In a published article entitled “Gender Difference in Cisplatin-Induced Nephrotoxicity in a Rat Model: Greater Intensity of Damage in Male than Female”, The authors concluded that due to an unknown mechanism, cisplatin (CP)-induced nephrotoxicity depends on sex; they suggested that sex differences in renal circulation might be the key factor leading to this difference (1). The reason for these differences is not related to female sex hormones, because estrogen promotes CP-induced nephrotoxicity (2-4). Sex difference in renal circulation may be the reason for sex-related CP-induced nephrotoxicity. Simulation of angiotensin system receptors leads to different responses in the sexes (5, 6) with more vasodilator effects in female, which influences renal blood flow (RBF). On the other hand, the RBF is disturbed by CP (7). Therefore, the female RBF might be reduced less by CP than male’s might be, which causes less damage (1). I would like to mention that new reason for these differences is related to CP uptake. The CP is cleared by the kidney through both glomerular filtration and tubular secretion (8). The concentrations of CP within the kidney exceed those in blood, suggesting an active accumulation of drug by renal parenchymal cells. Earlier work using cancer cell lines concluded that about half of the CP uptake is due to passive diffusion through the plasma membrane and the remaining half is mediated by an unknown transporter (9). Studies have identified two different membrane transporters capable of transporting CP into cells: Ctr1 and OCT2. The Ctr1 is a copper transporter, which was also shown to mediate CP uptake into mammalian cells (10) including ovarian cancer cells (11). The Ctr1 is highly expressed in adult kidney and the protein is localized to the basolateral membrane of the proximal tubule. In vitro down regulation of Ctr1 expression in kidney cells decreased both CP uptake and cytotoxicity, suggesting that Ctr1 is an important protein in CP uptake in these cells (12).

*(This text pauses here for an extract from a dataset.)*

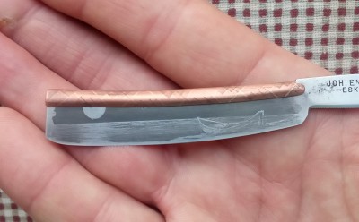 Травление клинка, восстановление рисунка.Кроме клинка ещё и с обушком решил побаловаться)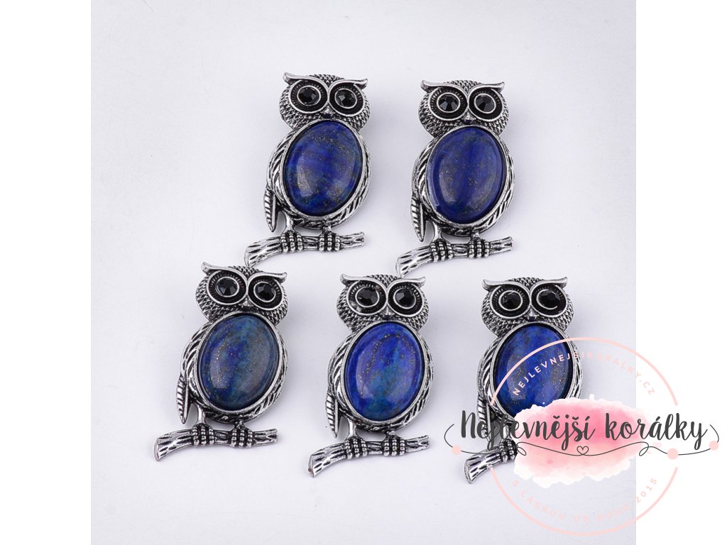 Kovová brož / přívěsek - Sova s lapisem lazuli - starostříbrná - 51 × 29 mm - 1 ks

In addition, the organic cation transporters (OCTs) have been implicated in CP uptake (13). The CP-induced tubular cell injury may be related to basolateral organic cation transport (14). Three isoforms of OCTs are expressed in renal proximal tubules, mainly at the basolateral side (15). Study provided evidence for OCT2 to be the critical OCT responsible for CP uptake in the kidney. They showed that CP uptake was increased by OCT2 overexpression in HEK293 cells, which was associated with increased cellular sensitivity to CP toxicity (16). Consistently, proximal tubular cells isolated from a human diabetic kidney showed reduced CP uptake, which was attributed to the well-documented lower expression of OCT2 in diabetes. Interestingly, CP did not interact with OCT1. It was speculated that because OCT1 is mainly expressed in the liver and OCT2 in the kidneys, this differential expression pattern of OCTs in different tissues might account for organ-specific toxicity of CP. Of note, the less nephrotoxic analogues of CP such as carboplatin and oxaliplatin did not interact with OCT2 (16). Cisplatin was shown to inhibit the uptake of other OCT2 substrates, which is consistent with the view stating these substrates share a common transport pathway. Likewise, cimetidine, an OCT2 substrate, reduced CP uptake and cytotoxicity in vitro (16) and CP-induced nephrotoxicity in vivo (17). Two recent observations point to an important role for OCT2 in mediating renal CP uptake and toxicity. First, knockout of the OCT2 gene significantly reduced urinary CP excretion (18) and nephrotoxicity (17, 18). Second, a no synonymous single-nucleotide polymorphism (SNP) in the OCT2 gene (rs316019) was associated with reduced CP-induced nephrotoxicity (17, 18). Finally, I suggest these differences may be related to CP uptake by OCT2 due to the renal expression of OCT2 was markedly higher in male than was in female rats (19). Therefore, CP uptake was increased by OCT2 overexpression in male rats and was associated with increased cellular sensitivity to CP toxicity.